707.01 Approval of Examiner’s Amendment by Applicant or Applicant’s Attorney
Except in the situations set forth in TMEP §707.02 in which an examiner’s amendment is permitted without prior authorization by the applicant, an examining attorney may amend an application by examiner’s amendment only after securing approval of the amendment from the individual applicant, someone with legal authority to bind a juristic applicant, or the applicant’s qualified practitioner by telephone, e-mail, or in person during an interview. Cf. 37 C.F.R. §§2.62(b), 2.74(b); see TMEP §§304.01, 304.02, 602, 709.01–709.05.
If the applicant is represented by a qualified practitioner, the examining attorney must communicate directly with the practitioner by phone or e-mail.
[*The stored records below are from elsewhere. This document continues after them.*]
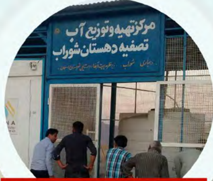
راه اندازی مرکز تصفیه آب شوراب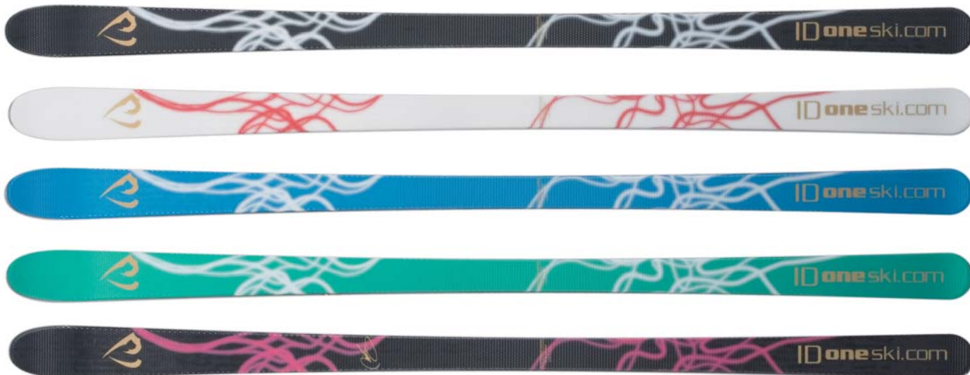
アイコシグネチャー

クラッドエッジ(切れ目のあるエッジ)を採用する事により、エッジ自体の張りが弱くなり、芯材の特性が素直にスキーに反映されます。コブの中でのズレによるコントロールを徹底的に追及しました。コブの中においても板を滑らかにずらすことができ、自然なポジション取りがしやすいモデルです。サイズは172cm・177cmの2サイズをご用意。07/08シーズン上村愛子選手はMR-CE172cmアイコシグネチャーへチェンジし、ワールドカップ5連勝を記録、日本人初の総合優勝という輝かしい成績を勝ち取りました。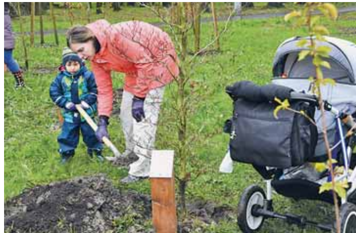
DO VÝSADBY se s oblibou zapojují i děti.

Dub, buk nebo třešeň. Právě z těchto tří druhů stromů si mohli lidé vybírat. Ještě před samotnou výsadbou dostali od vedení obvodu certifikát a poté se všichni přesunuli na místo, kde si svůj strom sami zasadili. Akce probíhá dvakrát do roka, a to vždy před 1. májem a na konci října, a zájem o ni je velký. Vše je připravováno ve spolupráci se společností Ostravské městské lesy a zeleň a rodiny, které se budou chtít zapojit do výsadb, zaplatí poplatek 800,- Kč za strom formou daru této společnosti.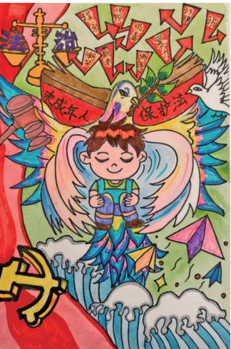
法治成长 共筑童安 中卫市沙坡头区宣和镇山羊场小学六年级 马锦平 指导教师 赵亚丽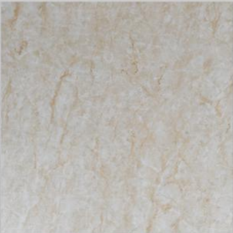
Code : 156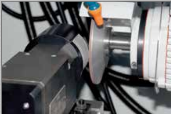
Wheel dressing device. Slijpsysteem voor de slijpschijf.

Gemotoriseerd rondslijpgereedschap voor rondslijpen en voor het slijpen van slijpschijven.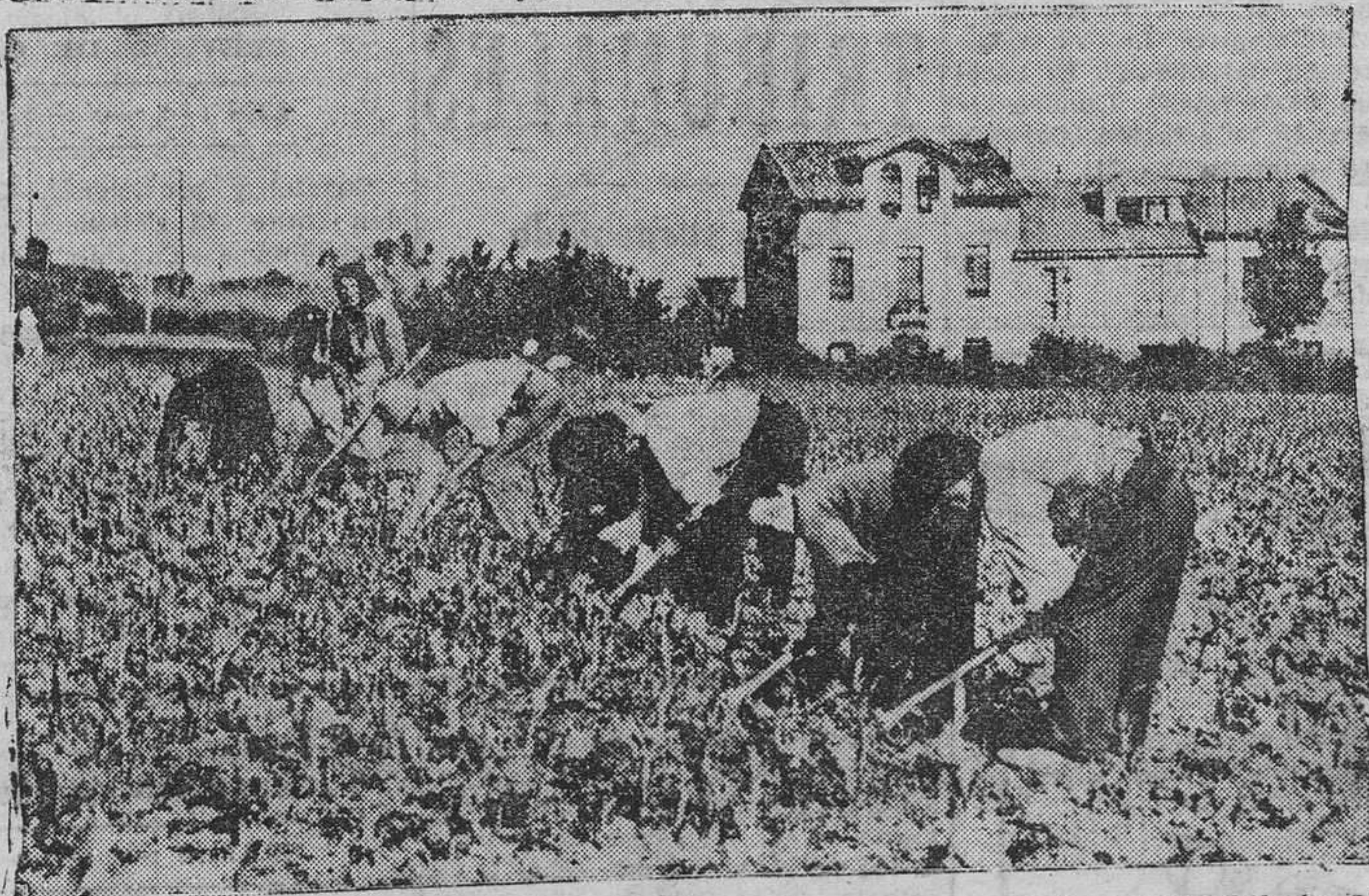
OVIEDO.— En la faena de "sallar" el maíz, estos laboriosos vecinos de los alrededores de la ciudad ponen un afán revelador de que saben que el trabajo honrado es prenda segura de bienestar. ¡Que vayan hablandoles a ellos de la huelga de cam pesinos!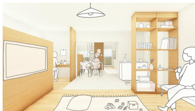
Bタイプ (2LDK) イメージ図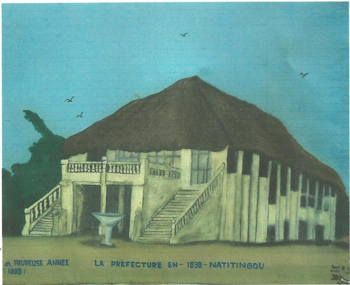
Figure 5 : Visage de l'immeuble ayant abrité le commandant du cercle de l'Atacora et les locaux administratifs jusqu'en 1939 (Dessin de Baba Yéropa).

Désabusées, les populations refusèrent de se soumettre à l'autorité de l'administration coloniale. Elles comprirent que désormais l'homme « Blanc » n'apportait plus son amitié, son aide, mais favorisait plutôt les exactions, encourageait les abus de toutes sortes, cautionnait les rivalités. Ce qui perturbait dangereusement le climat social.

If a qualified practitioner from the same firm as the qualified practitioner of record claims to be authorized by the practitioner of record to conduct business and approve amendments with respect to a specific application, the examining attorney will permit the practitioner to conduct business, and will note this fact in the examiner’s amendment. Paralegals and legal assistants cannot authorize examiner’s amendments, even if only conveying the appointed qualified practitioner’s approval by indicating that the practitioner has approved the amendment.
If the applicant is pro se, the examining attorney must communicate directly with the individual applicant or with someone with legal authority to bind a juristic applicant (e.g., a corporate officer or general partner of a partnership). Cf. 37 C.F.R. §11.14(e). For joint applicants who are not represented by a qualified practitioner, each joint applicant must authorize the examiner’s amendment. See TMEP §§611.06–611.06(h) for guidelines on persons who have legal authority to bind various types of applicants.
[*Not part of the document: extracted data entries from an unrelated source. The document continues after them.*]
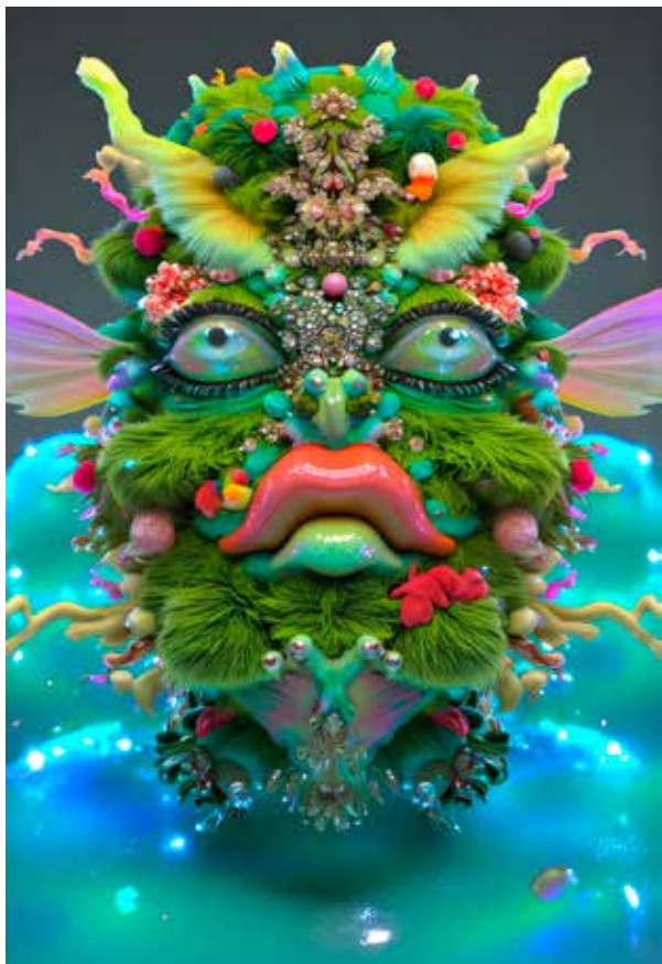
Pressebild 3: Anne Horel, „Lepidodinium Chlorophorum“, 2024, generiert mit LoRA, das mit Kreaturen aus einem überholten experimentellen OpenAi-Modell trainiert wurde, Foto: © Anne Horel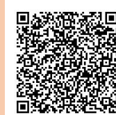
【とっとり電子申請システム】

お申込みは「とっとり電子申請システム（下記URL又は右記QRコードからお願いします）。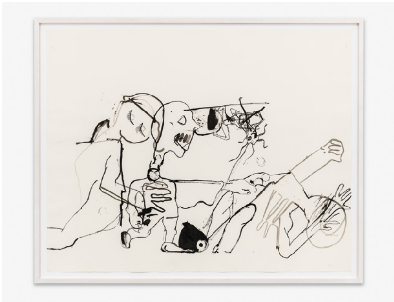
Tobias Pils, Untitled , 2025, Tusche auf Papier, 153 × 193 cm, Courtesy: der Künstler und Galerie Eva Presenhuber, Zürich / Wien, © Tobias Pils, Foto: Jorit Aust

Der Maler erzählt, dass jeder weitere Schritt zu viel gewesen wäre und eher eine Version oder Interpretation aus dem Bild gemacht hätte. Obwohl die Landschaft mit Kirche und Fluss gänzlich fehlt, scheint die leere Leinwand besonders passend für den Blindensturz zu sein. Dazu Pils: „Es bleibt ein Moment, in welchem die Koordinaten vorgegeben sind, aber der letzte Pinselstrich mehr oder weniger nicht bei mir liegt.“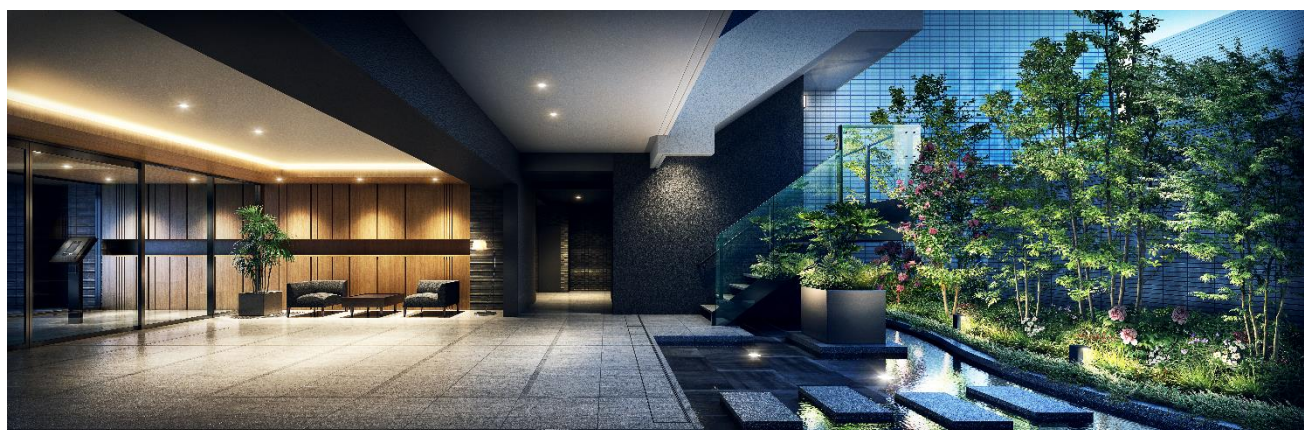
エントランスホール完成予想図 (※2)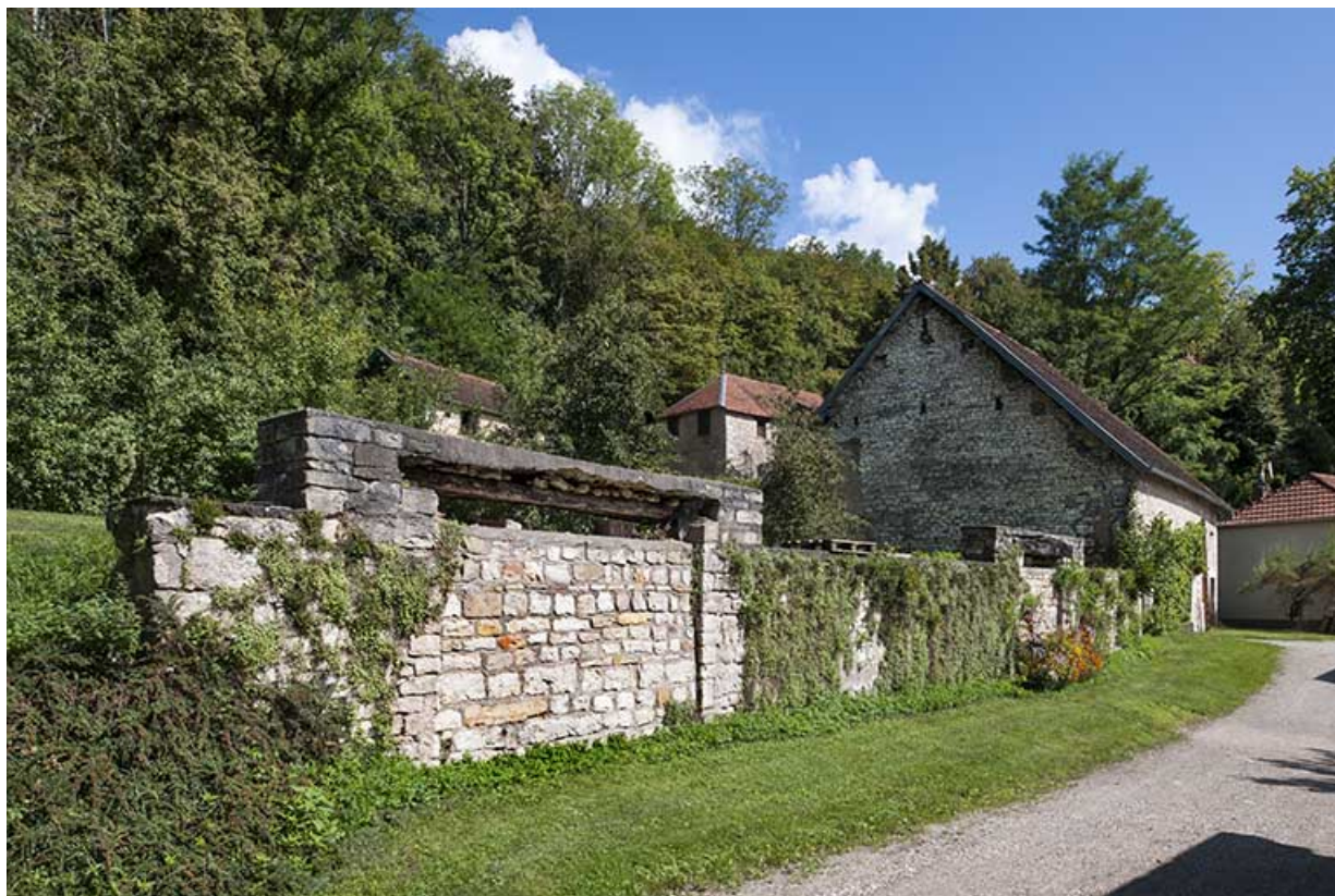
Vestiges de la halle à charbon (premier plan) et bâtiment agricole.

25, Montagney-Servigney rue du Haut fourneau

A non-attorney who is authorized to verify facts on behalf of an applicant under 37 C.F.R. §2.193(e)(1) is not entitled to authorize an examiner’s amendment, unless he or she has legal authority to bind the applicant. The broad definition of “person properly authorized to sign on behalf of the [applicant]” in 37 C.F.R. §2.193(e)(1) (see TMEP §§611.03(a), 804.04) does not apply to examiner’s amendments.
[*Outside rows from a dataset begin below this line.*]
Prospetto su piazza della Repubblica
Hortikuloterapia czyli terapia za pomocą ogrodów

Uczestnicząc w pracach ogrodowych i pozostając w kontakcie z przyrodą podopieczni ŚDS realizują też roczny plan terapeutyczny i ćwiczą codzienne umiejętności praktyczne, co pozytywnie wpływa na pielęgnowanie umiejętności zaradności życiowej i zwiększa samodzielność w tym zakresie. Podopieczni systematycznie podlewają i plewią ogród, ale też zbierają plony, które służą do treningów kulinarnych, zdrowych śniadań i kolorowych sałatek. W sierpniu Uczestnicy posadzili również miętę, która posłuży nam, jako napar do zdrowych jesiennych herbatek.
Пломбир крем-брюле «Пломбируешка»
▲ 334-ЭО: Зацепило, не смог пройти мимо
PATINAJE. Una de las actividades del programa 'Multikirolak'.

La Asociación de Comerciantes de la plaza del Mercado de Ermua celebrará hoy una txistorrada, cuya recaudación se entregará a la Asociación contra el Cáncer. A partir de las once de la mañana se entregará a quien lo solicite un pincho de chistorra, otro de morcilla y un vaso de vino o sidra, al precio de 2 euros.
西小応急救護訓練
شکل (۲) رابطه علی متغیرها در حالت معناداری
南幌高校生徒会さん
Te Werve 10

The applicant or the applicant’s qualified practitioner must actually authorize the examiner’s amendment. The examining attorney may not leave an e-mail or voicemail message for the applicant or the qualified practitioner indicating that an amendment shall be entered if the applicant or practitioner does not respond to the message.
If an examining attorney contacts an applicant and reaches agreement to issue an examiner’s amendment, but later determines that an Office action must be issued instead to state a refusal or requirement, the examining attorney should telephone or e-mail the applicant immediately to advise the applicant of the change of position.
Examining attorneys without partial signatory authority must advise applicants that issuance of the examiner’s amendment is subject to review by a supervisory attorney.